The birth that transformed the world came quietly upon us in the barren chill of a stable, and its meaning was not fully realized until the violent death-event on a cross 33 years later. Life and death are inextricably interwoven. In [the December 1979] issue, we commemorate[d] the 10th anniversary of Clarence Jordan's death by celebrating his life and the enduring evidence of his vision.
It is a Sojourners tradition to remember the lives of Christians who have taught us the meaning of the incarnation. Clarence was such a Christian.
Born in the deep South near the beginning of this century, Clarence gained a reputation first as a preacher. In 1942, he began an experiment in racial reconciliation on a farm near Americus, Georgia, which became the target of local white hostility. Called Koinonia, the community thrives today, steeped in the legacy of Clarence's commitment to the partnership of black and white, poor and rich.
Clarence's most widely known contribution is his unique "Cotton Patch" versions of the New Testament scriptures. In his translation, he brought the biblical characters home and set them in the towns, on the roads, and between the cotton and peanut rows of southern Georgia.

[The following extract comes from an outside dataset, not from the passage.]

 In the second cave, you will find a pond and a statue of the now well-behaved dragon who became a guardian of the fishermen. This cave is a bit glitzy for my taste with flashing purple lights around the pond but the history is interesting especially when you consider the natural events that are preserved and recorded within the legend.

In the introduction to his Cotton Patch Version of Luke and Acts, Clarence states:
Jesus has been so zealously worshiped, his deity so vehemently affirmed, his halo so brightly illumined, and his cross so beautifully polished that in the minds of many he no longer exists as a man. He has become an exquisite celestial being who momentarily and mistakenly lapsed into a painful involvement in the human scene, and then quite properly returned to his heavenly habitat. By thus glorifying him we more effectively rid ourselves of him than did those who tried to do so by crudely crucifying him.